Recent years saw two governments with Prime Minister Boyko Borissov, leader of the right-of-centre GERB party. The economic and financial policy of these two governments left no room for doubt that he is a proponent of the purest forms of market relations on the labour market – i.e. less state interference in the social sphere. Yet, several expensive projects have taken centre stage – projects for building motorways, roads, gas pipelines and gas connections, all kinds of infrastructure projects that sucked up the bulk of state financing. The socially disadvantaged, the poor, the sick and the elderly will have nothing good to say of their living standards during the years of the two Boyko Borissov cabinets.

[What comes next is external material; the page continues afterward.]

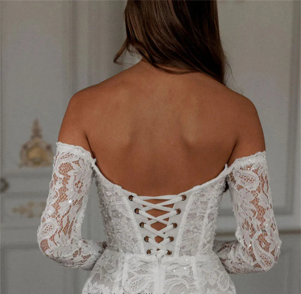 Vestido de novia mini sexy con hombros descubiertos y mangas largas de encaje completo

But the fact that most Bulgarians have been growing poorer and poorer ultimately affected the results of the November presidential elections in the country, when to the surprise of the administration, sociologists and political analysts alike, victory went to socialist-supported Rumen Radev. This energized the socialist party and inflated its ambitions for the upcoming early parliamentary elections. On the other hand it was an indication that whatever the benefits of Borissov’s infrastructure projects, Bulgarians “do not eat asphalt” as his critics have been saying.

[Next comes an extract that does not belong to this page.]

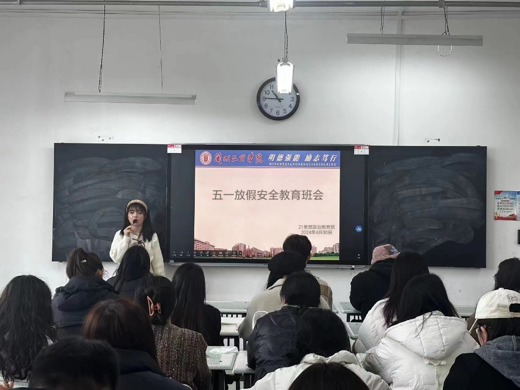为进一步强化员工安全教育工作,增强同学们的安全防范意识和自我保护能力,切实保障同学们的生命安全和身心健康,让同学们度过一个安全愉快的假期,4月30日,21思想政治教育班组织开展了“五一”假期安全教育主题班会。

The campaign for the parliamentary elections in the country has not officially been kickstarted. Yet both leading parties – the Bulgarian Socialist Party (BSP) and GERB – have already served voters their election programmes – economic and social – and there doesn’t seem to be much of a different between the two. If one takes the time to read them, one would think that the hardships of the poverty-stricken Bulgarians are almost over and that soon, there will be money raining from the sky that will significantly boost pensions and salaries in the public sector, compensations and assistance for the most vulnerable.
The fundamental contradiction that lies behind this ostensible consensus by the political rivals is whether to spend the enormous reserves accumulated by the state and the constant budget surplus on the people or the asphalt, figuratively speaking. The trade unions are adamant they want the money to go to the households, employers are firmly against pouring public funds into the construction of gargantuan infrastructure projects.

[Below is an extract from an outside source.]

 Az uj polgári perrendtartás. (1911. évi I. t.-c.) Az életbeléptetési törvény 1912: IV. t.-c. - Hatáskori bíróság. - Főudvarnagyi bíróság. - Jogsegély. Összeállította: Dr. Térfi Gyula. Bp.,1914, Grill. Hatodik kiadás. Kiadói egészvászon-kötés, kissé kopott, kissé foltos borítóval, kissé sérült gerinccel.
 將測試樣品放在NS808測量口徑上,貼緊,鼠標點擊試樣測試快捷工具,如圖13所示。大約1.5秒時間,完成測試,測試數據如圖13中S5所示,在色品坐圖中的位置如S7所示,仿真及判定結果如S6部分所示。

What the outcome of the early elections in March will be, nobody would venture to predict because surveys show a margin-of-error difference between the BSP and GERB. One thing is clear, however – a left-wing tide has been rising that is more socially oriented, more sensitive of the problems of the man in the street. Unfortunately, this is not the first time we have seen this happen, and when the socialists took power on the crest of such a tidal wave the last time, they made a colossal botch up. Far from contributing anything to easing social inequality, they actually made the rich richer and the poor – poorer, as many analysts say.